ホテルに戻ってから文献検索をしていたら,どこかで既にリンクした気もするが,Pacific IslandのFood Composition Table, 2nd Ed., FAO 2004が公開されていることに気づいた。データとしてreadily avaiableだといいんだが。


【第6日目】 食事調査セッティング1日目+Nan Madol(2018年2月16日)

ミクロネシア短期大学で食事調査の説明開始。途中で福岡大学の院生と2人で保健局に行って身長計を借りてきた。UNICEFと印字されている木製の組み立て式のもので,水準器などは付いていないが,まあ大学の講義室だから床は平らだし大丈夫だろう。明日まで借りるので返却はどうしようという相談した結果,ホテルのカウンターに預けておけば引き取りに来てくれるということになった。

調査の参加者は予定より若干少なかったが,熱心に聞いてくれて良かった。しかしやっぱりキッチンスケールの使い方は難しいようだ。驚いたのは,朝食を食べずに働きに行くことがあるという人が何人もいたことだった。大半の人が身長と体重を測ってみるとBMIが35を超える肥満なのだが,栄養摂取のバランスが悪いのか,それとも朝食欠食の分,昼と夜で大量摂食するのか。

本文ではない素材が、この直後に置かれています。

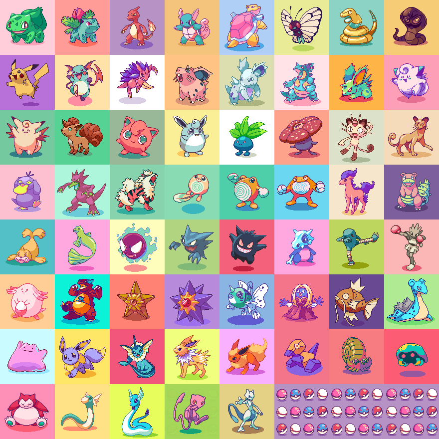I am participating in a #Challenge I set for myself since i started #pixelart in wich I want to pixel the first 152 #Pokemon This is how far i‘ve come! @Pixel_Dailies #pixel_dailies #ドット絵

翌日も別の参加者に対して同じ調査をする予定。午後はその代休というか,ここに来て世界遺産を見ないで帰るのももったいないということもあって,世界遺産のNan Madolを見てきた。なぜ海の上に遠方から大きな石をたくさん運んであんな構築物を作ったのか謎は尽きないが,美しいところだった。天気も良くて素晴らしい経験であった。
ナン・マドール

晩飯は寿司ロール屋(?)に行った。元々は別の店でミクロネシア短期大学で一緒に調査をしてくれているJICAの方と食事の予定だったが,その店がたぶん元大統領の逝去を偲ぶためのパーティか何かで貸切になっていて入れなかったので,急遽そっちに変更したのだが,スパイシーロールというものが美味であった。
スパイシーロール


【第7日目】 食事調査セッティング2日目を済ませてJapanWeekをちらっと見てから帰途に就く(2018年2月17日)

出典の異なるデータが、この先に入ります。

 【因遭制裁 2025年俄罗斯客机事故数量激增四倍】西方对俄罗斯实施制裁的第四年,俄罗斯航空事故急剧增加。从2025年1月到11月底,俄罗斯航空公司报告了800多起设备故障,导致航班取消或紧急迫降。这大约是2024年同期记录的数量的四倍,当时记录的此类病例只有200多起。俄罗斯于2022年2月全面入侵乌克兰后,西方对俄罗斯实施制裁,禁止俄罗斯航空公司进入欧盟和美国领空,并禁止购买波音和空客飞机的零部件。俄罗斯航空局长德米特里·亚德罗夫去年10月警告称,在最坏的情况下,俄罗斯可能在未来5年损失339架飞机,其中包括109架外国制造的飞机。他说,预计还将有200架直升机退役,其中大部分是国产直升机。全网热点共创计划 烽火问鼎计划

調査最終日も前日同様,朝食後にミクロネシア短期大学に行って食事調査の説明と身長・体重計測。

カウンターパートの偉い女性が自分も測って欲しいというので測ってみたら,見事にBMIが34くらいだった。まあ,この方は保健関係者ではないのでいいのだが,この国の肥満対策は前途多難だなあ。個人的にはBMI30くらいまでならそんなに目くじらを立てることはないと思っているが,ここの人たちは明らかに太りすぎだし,それによって高血圧や糖尿病や心疾患や脳卒中が比較的若いうちから多発していることも確かなので,何らかの対策は必要だろう。

たぶん最大の問題は高血圧や糖尿病には自覚症状がないことで,だからあまり熱心に対策しようという気になれないのだと思う。ソロモン諸島の首都ホニアラの人たちとそこは共通しているのだと思う。文化的背景も含めて広い視野で考える必要があるだろう。

午後はJapanWeekという催しが盛大に行われていて,JICA関係者を始め,現地に長期滞在している日本人は総出ではないかと思うほどたくさんのイベントがあったようだった。ぼくと福岡大の院生が会場に着いたときは終わり近かったが,ポンペイ島の人たちも楽しんでいるようで良かった。仙台育英高校の和太鼓と獅子舞をする部活? らしい高校生が日本からやってきていて,現地の子供たちが和太鼓演奏を教えて貰って楽しんでいたのが印象的だった。
ジャパンウィーク

深夜にホテルをチェックアウトし,空港からグアム経由で関空に着くまではあっという間だったように思う。疲れるが悪くない経路だった。以上,初ミクロネシアのメモ。